To assuage my guilt, I try to cook for her. Real food. Manly food. Not especially manly food, because I don't like to grill. My last grilling experience... The grill caught on fire. I was making hamburgers. Little balls of ground beef. Not gourmet, just simple hamburgers. Easy, delicious, what could go wrong? The grill could catch on fire. I know, it's a grill. The fire is how you cook things. That turned into a massive grease fire right under my burgers. Those burgers, they turned into something between a hockey puck and a racquetball.
So, since it does not involve being angered near a grill, I made marmalade. I scoured the Internet for nearly 7 minutes to find the perfect recipe. Most of the recipes read like this: 14 pounds of oranges, 37 pounds of sugar, a home commercial cannery, and a dromedary camel. Not having a camel, only a few oranges, and no desire for a post apocalyptic store of orange marmalade, I nearly gave up the whole project. Ultimately, I four a recipe that made only one, normal sized jar. I read it, took some ideas and then made my own recipe. So here is what I did.

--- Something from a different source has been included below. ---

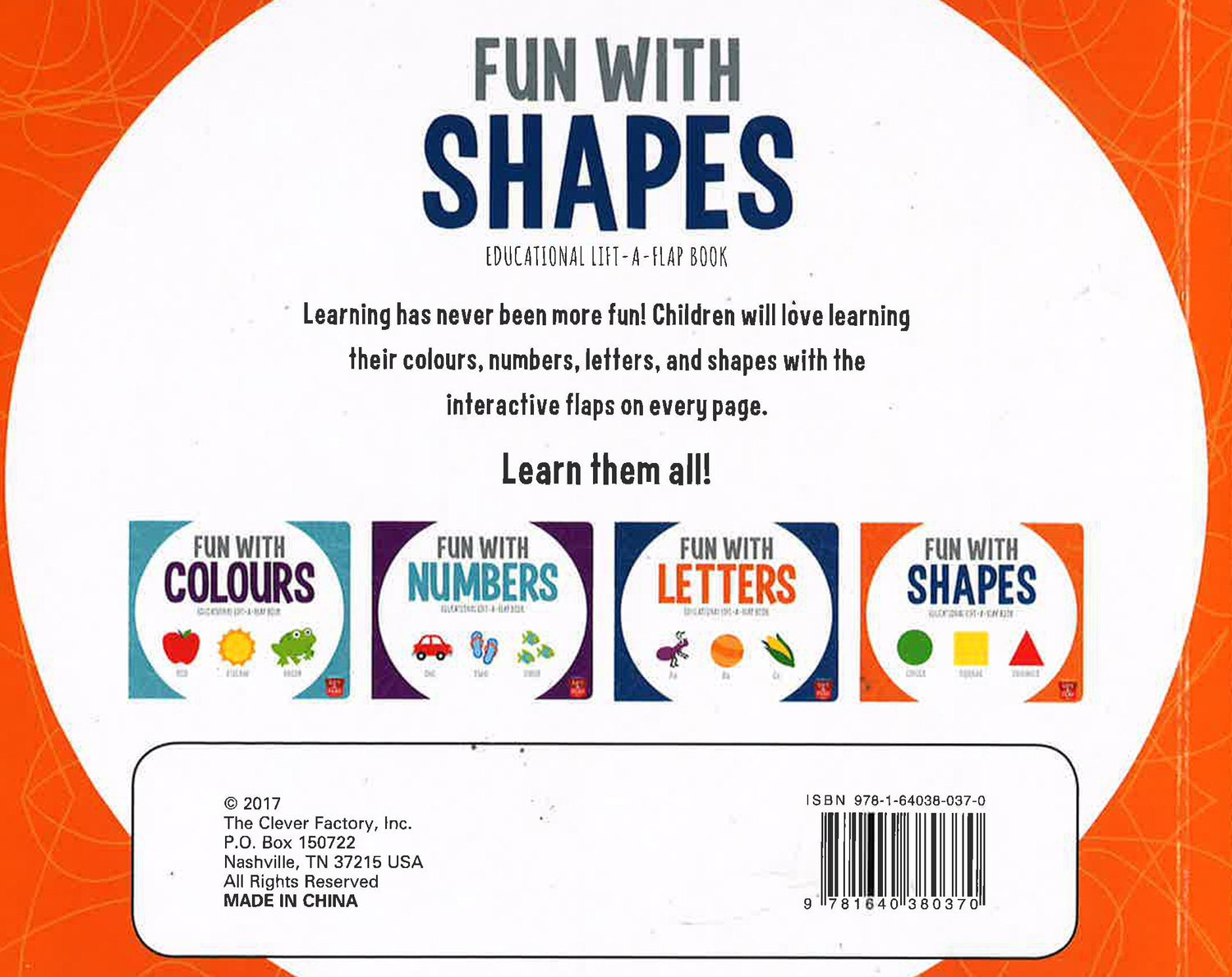 Learnning has never been more fun! Children will love learning their colours, numbers, letters and shapes with the interactive flaps on every page.

1.5 oranges... I ate half of that second orange, but i probably shoud've used it. I did put the peel into the concoction. I actually used a blood orange and half a regular orange because I was going for a slightly different flavor.
1 lime. This is keeping with that "slighty different flavor."
1/4 C sugar. This is not particularly sweet. Add more sugar if you prefer.
1/4 C water.
Wash the oranges and lime, then slice them thin with the peel on. I then threw them into a food processor and hit pulse a few times to make them smaller. With mixed results.
Throw everything into an appropriately sized saucepan and let it boil. Your goal here is to boil the water, dissolve the sugar and start softening this oranges. Let that go about 10 minutes, then turn it down to simmer for the next half hour. Remove the pan from the heat and read a good book. After waiting until your marmalade has made progress on its way to cooling or you have made sufficient progress toward total consciousness, place your marmalade into 1 appropriately sized jar.
Unless you are planning on stockpiling marmalade in case the whole Y2K thing finally catches up to us, you don't need to do any ridiculous canning process. Just throw it in the fridge until you are ready to make cupcakes.